◆ WHAT THE TASK REQUIRES ◆
Don't include pictures. Quote the lines below from the first through the line that contains "社會保險政策性、專業(yè)".

● ● ●

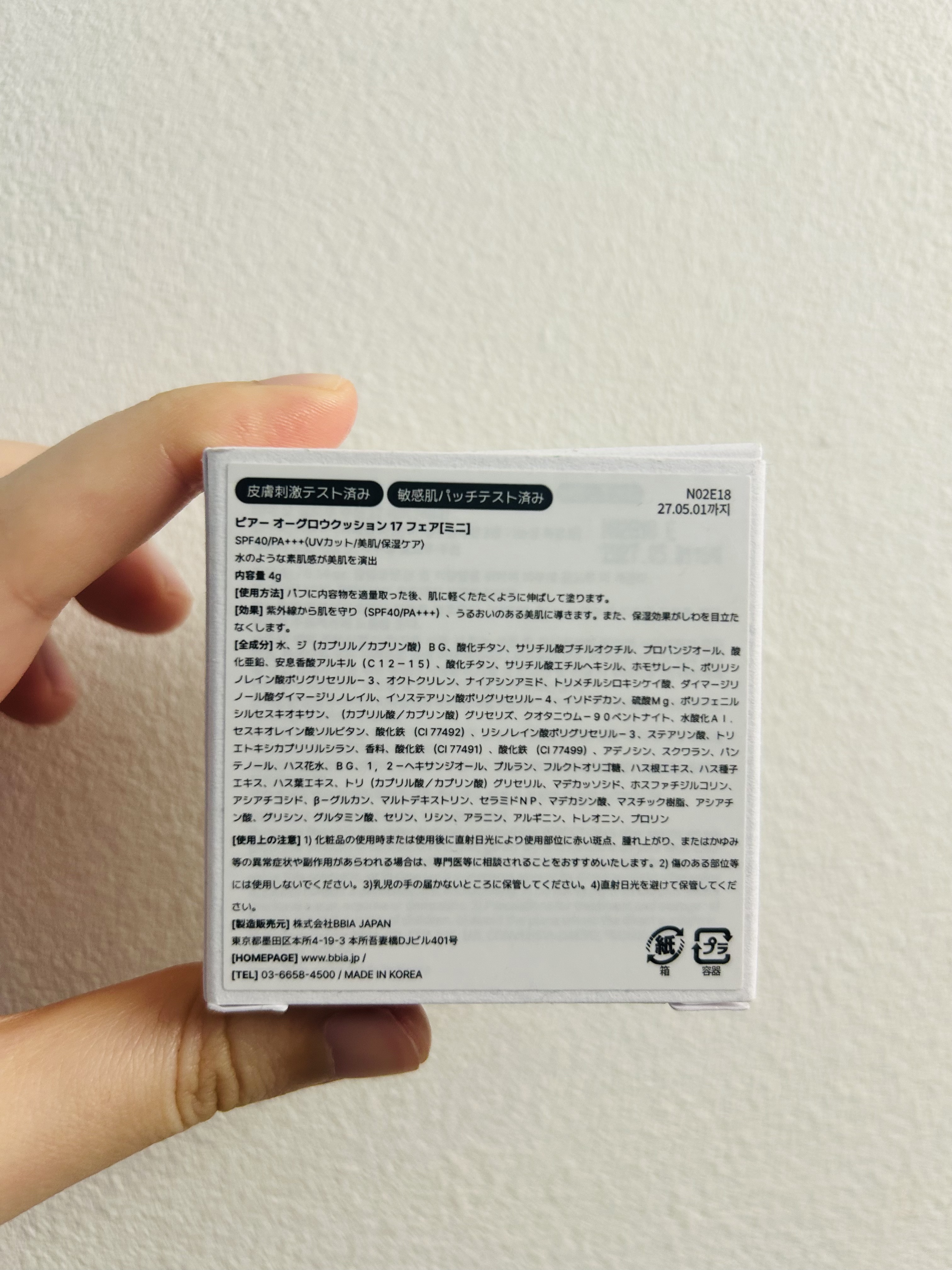 クッションファンデは17号ピンクベージュでも黄みのある色合い。 コンシーラーはワントーン下げて21号にしたのですが、やはり黄みが強めかな?という感じなので17号でもよかったかも🤔 クッションファンデは韓国で機能性化粧品に分類されており、紫外線の遮断・美白・シワ改善に役立つ製品に該当。
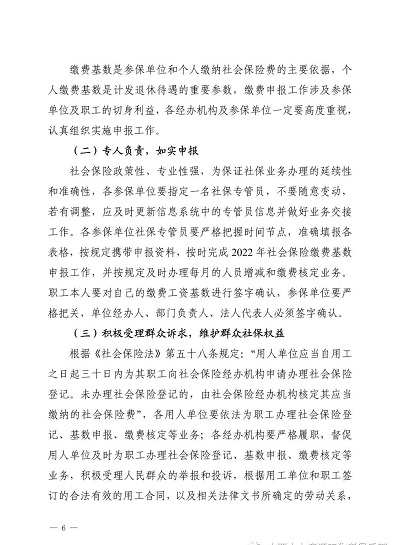 社會保險政策性、專業(yè)性強,為保證社保業(yè)務辦理的延續(xù)性和準確性,各參保單位要指定一名社保專管員,不要隨意變動,若有調(diào)整,應及時更新信息系統(tǒng)中的專管員信息并做好業(yè)務交接工作。各參保單位社保專管員要嚴格把握時間節(jié)點,準確填報各表格,按規(guī)定攜帶申報資料,按時完成2022年社會保險繳費基數(shù)申報工作,并按規(guī)定及時辦理每月的人員增減和繳費核定業(yè)務。職工本人要對自己的繳費工資基數(shù)進行簽字確認,參保單位要嚴格把關,單位經(jīng)辦人、部門負責人、法人代表人必須簽字確認。
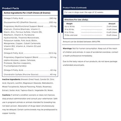Inactive Ingredients: Brewers Dried Yeast, Flaxseed, Glycerin, Dried Potato Product, Lecithin, Dried Shellfish Digest, Natural Flavouring, Water, Dicalcium Phosphate, Canola Oil, Maltodextrin, Tapioca Starch, Choline Bitartrate, Chondroitin Sulfate, Vitamin E Supplement, Fructooligosaccharides, Dried Aspergillus oryzae Fermentation Product, Calcium Ascorbate, Sorbic Acid, Mixed Tocopherols, Vegetable Oil, Vitamin A Palmitate, Citric Acid, Biotin, Zinc Sulfate, Niacin Supplement, Ferrous Sulfate, Vitamin D3 Supplement, Pantothenic Acid, Menadione Sodium Bisulfite Complex, Vitamin B12 Sulfate, Potassium Iodide, Copper Carbonate, Folic Acid, Cobalt Carbonate, Magnesium Stearate.
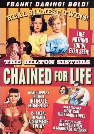 You may remember the Hilton sisters from Tod Browning's classic film 1932 "Freaks," in which they played conjoined twins, which is exactly what they were in real life. This low-budget quickie was made two decades later, and Daisy and Violet look every day older of those 20 years. I imagine earning a living on the carnival circuit was a tough life, and I'm sure the sisters were hoping this movie would earn them a few bucks. Trouble is, it's both too convoluted and too simple to be entertaining, and it never comes close to approaching the twisted brilliance of Browning's film. The sisters play, essentially, themselves, conjoined twins with a mediocre nightclub act. When a sleazy lothariot plots to marry one of them, things go horribl wrong. The whole movie is told through an awkward double flashback structure, with the judge flashing back to the trial, which then flashes back to the events of the movie. It's deadly dull and incredibly cheap (with a sad, late-career appear by Warner Bros. stalwart Allen Jenkins), but there is one memorable sequence where one of the sisters has a dream where she's separated from her sibling and dances gracefully in a field. It's obvious a double is being used (how else could they shoot the scene?) but as crude as it is, it has a real emotional punch and, in its few seconds, addresses the issues of the film more powerfully than the rest of the crude melodrama.
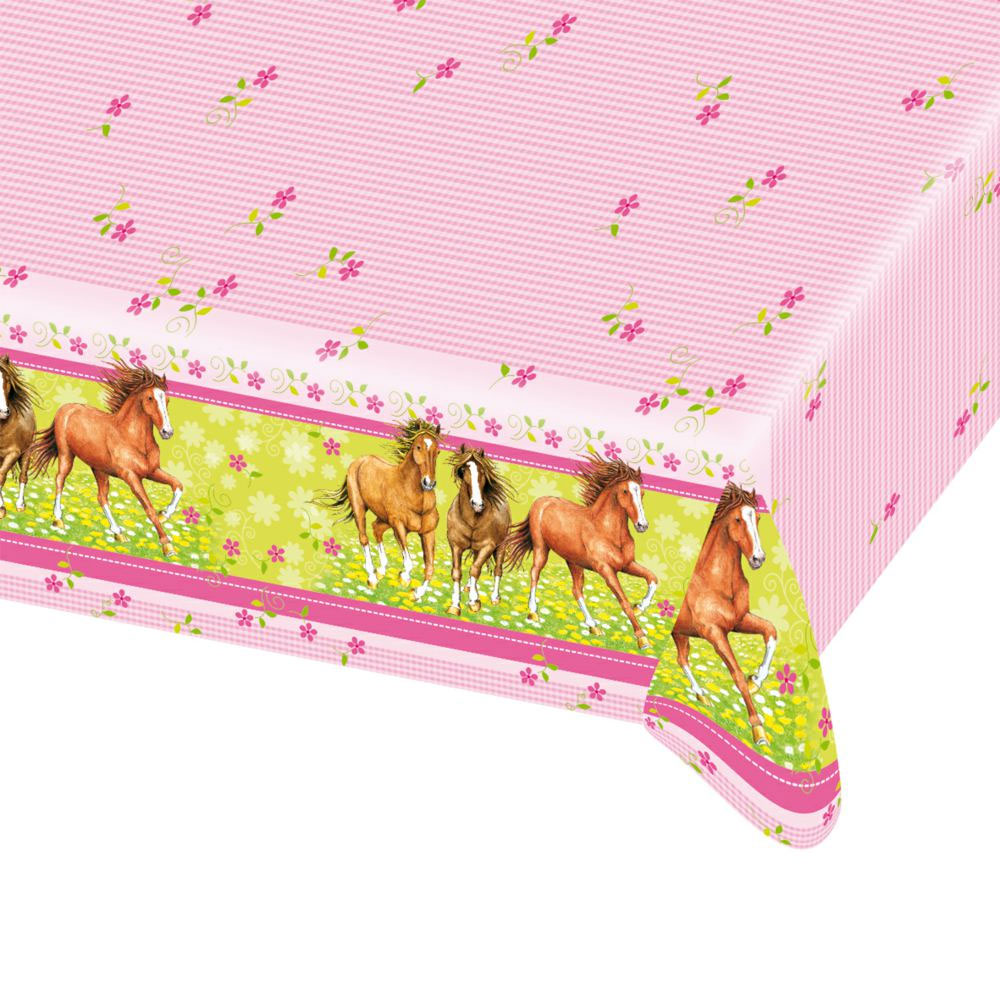 Kaunis hevosaiheinen muovinen pöytäliina, koko 180cm x 120cm

● ● ●

◆ RESPONSE BELOW ◆
 クッションファンデは17号ピンクベージュでも黄みのある色合い。 コンシーラーはワントーン下げて21号にしたのですが、やはり黄みが強めかな?という感じなので17号でもよかったかも🤔 クッションファンデは韓国で機能性化粧品に分類されており、紫外線の遮断・美白・シワ改善に役立つ製品に該当。
 社會保險政策性、專業(yè)性強,為保證社保業(yè)務辦理的延續(xù)性和準確性,各參保單位要指定一名社保專管員,不要隨意變動,若有調(diào)整,應及時更新信息系統(tǒng)中的專管員信息并做好業(yè)務交接工作。各參保單位社保專管員要嚴格把握時間節(jié)點,準確填報各表格,按規(guī)定攜帶申報資料,按時完成2022年社會保險繳費基數(shù)申報工作,并按規(guī)定及時辦理每月的人員增減和繳費核定業(yè)務。職工本人要對自己的繳費工資基數(shù)進行簽字確認,參保單位要嚴格把關,單位經(jīng)辦人、部門負責人、法人代表人必須簽字確認。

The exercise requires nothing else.